As prerequisite, you need to install the last available version of Rust
.
You can learn how to do that
here.
Clone Repository
First of all, you need to clone the repository and all of its submodules. You can do that:
through HTTPS
git clone --recurse-submodules -j8 https://github.com/mozilla/rust-code-analysis.git
or through SSH
git clone --recurse-submodules -j8 git@github.com:mozilla/rust-code-analysis.git
Building
To build the rust-code-analysis
library, you need to run the following
command:
cargo build
If you are also interested in the cli tool:
cargo build --all
Testing
After you have finished changing the code, you should always verify whether
all tests pass with the cargo test
command.
cargo test --all --all-features --verbose
Code Formatting
If all previous steps went well, and you want to make a pull request to integrate your invaluable help in the codebase, the last step left is code formatting.
Rustfmt
This tool formats your code according to Rust style guidelines.
To install:
rustup component add rustfmt
To format the code:
cargo fmt
Clippy
This tool helps developers to write better code catching automatically lots of common mistakes for them.

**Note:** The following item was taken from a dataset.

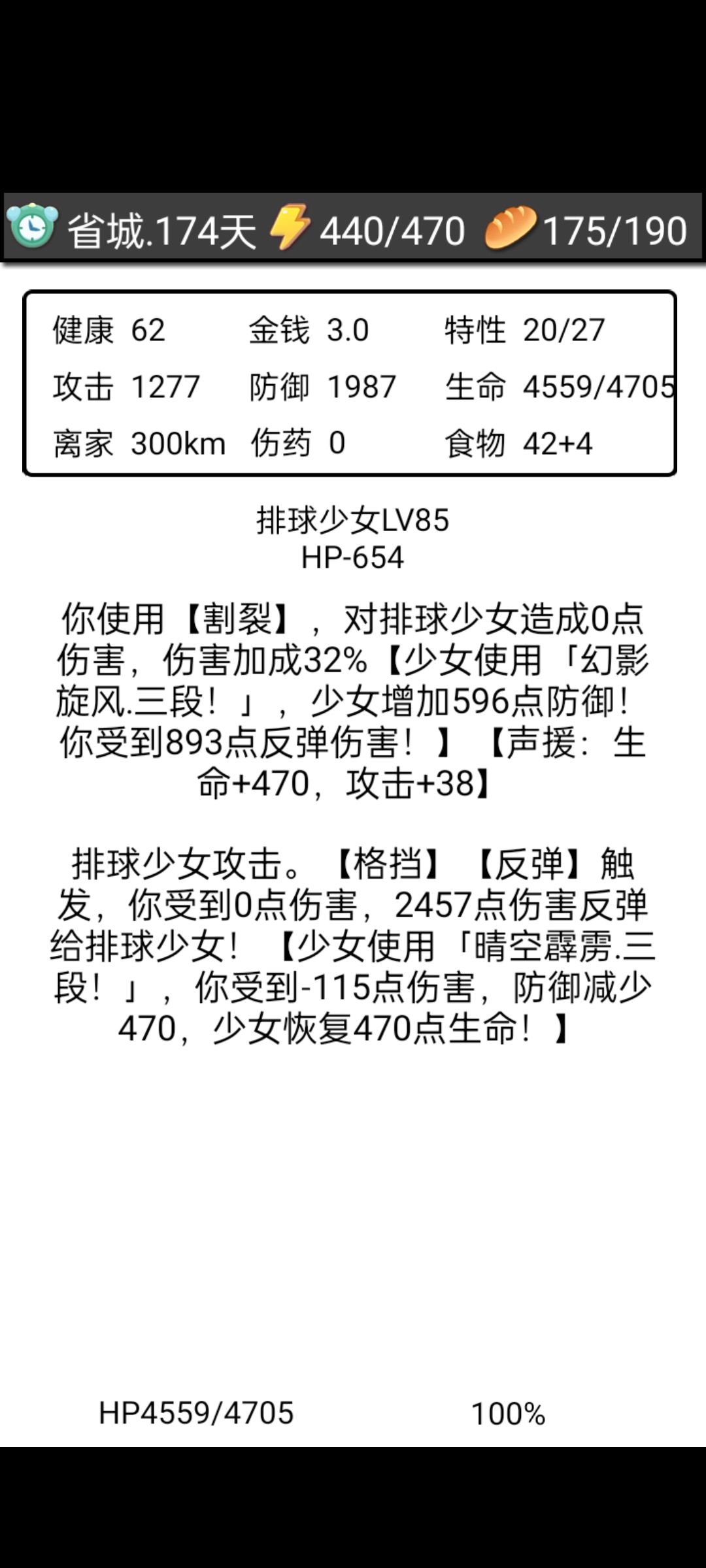 说一下修罗模式打法 前期主升帐篷,除了小蚊外其他全部不打,练逃跑率,吃15个伤药后就不吃了,进入100km后用钱升两级皮衣就可以打蚊子了,多余钱全升精力,事件可以全部不打,属性高量力而行,33天后存钱买黑刀,之后直接前进。 山脉里只能打猴子和野猪,其他打不赢,一级红夹克两级黑刀后一直前进到省城,黑曜石靠探索拿。晓月先不认识,290km时通缉犯难打,而且进省城后晓月她爸也难打,很拖节奏。 进入省城后打阿宾,等晓月,将存的伤药全喂晓月,有240点好感就能打除阿龙以外的怪了。 一百多天开市中心后直接去,只打排球少女,遇到其他怪练的逃跑技巧基本都有90的逃跑率,一直吸烟去大楼除烟瘾就能做到永动机了。 后面就随便乱玩都行了

It detects in your code a series of errors and warnings that must be fixed before making a pull request.
To install:
rustup component add clippy
To detect errors and warnings:
cargo clippy --all-targets --all --
Code Documentation
If you have documented your code, to generate the final documentation, run this command:
cargo doc --open --no-deps
Remove the --no-deps
option if you also want to build the documentation of
each dependency used by rust-code-analysis.
Run your code
You can run rust-code-analysis-cli using:
cargo run -- [rust-code-analysis-cli-parameters]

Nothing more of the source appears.